The Shanghai Institute of Ceramics of the Chinese Academy of Sciences (SICCAS) was founded as the Shanghai Institute of Ceramic Chemistry and Engineering in 1959 and assumed its current name in 1984.
SICCAS is a comprehensive and unique organization engaged in advanced inorganic nonmetallic materials research. It has achieved outstanding results in pioneering basic research, innovation of high-tech materials and applied research.
Its main research areas include high performance ceramics and superfine microstructures, structural ceramics and composites, inorganic functional materials and devices, energy materials, inorganic coatings, artificial crystals, biomaterials and tissue engineering, environmentally friendly materials, the analysis and characterization of inorganic materials, and the technological study of industrial ceramics and ancient Chinese ceramics.

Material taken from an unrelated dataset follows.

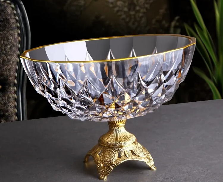 Gold Crystal Glass Footed Snack/Fruit Bowl

SICCAS has received 51 national-level awards, as well as hundreds more CAS, ministerial and provincial awards for a total of more than 400 scientific and technical prizes. It has about 1276 valid patents, ranking it among the top 10 institutes in China. In addition, the number of citations of SICCAS papers indexed by SCI places SICCAS among the top 10 institutes in China in that category. SICCAS also publishes the Journal of Inorganic Materials, which is one China’s key academic periodicals and is cited by SCI.
SICCAS has nurtured a large number of talented researchers, thus increasing knowledge of inorganic materials in China. SICCAS has a staff of over 700, including about 500 scientific researchers and technicians. Among this group are one CAS academicians and two academicians of the Chinese Academy of Engineering. SICCAS attaches great importance to developing the next generation of materials scientists, engineers and entrepreneurs. It has Ph.D., master’s degree and postdoctoral programs, with over 573 graduate students enrolled as of 2016.
SICCAS enjoys extensive and long-term cooperative relationships with famous universities, institutes and enterprises all over the world. It has partnerships with the Max Planck Institute (Germany), the National Institute for Materials Science (Japan) and the Academy of Science and Technology (South Korea), etc. It has also set up joint labs with Sony and Corning, and has signed about more than one hundred cooperative agreements with organizations such as General Electric, CERN and Samsung, etc. In 2010, it became a member of the International Energy Association.
SICCAS has hosted numerous international conferences on modern ceramic technology. In addition, the institute has hosted the International Symposium on Ancient Ceramics nine times since 1982, making it the world’s most important platform for exchange related to ancient ceramics research.
SICCAS encourages researchers to go abroad for international exchange and study. It also welcomes foreign researchers to engage in cooperative research or give academic lectures at the institute. It has so far hosted Nobel Prize winners Samuel Chao Chung Ting, Tsung-Dao Lee and Ei-ichi Negishi as well as 30 other celebrated foreign researchers as visiting scholars.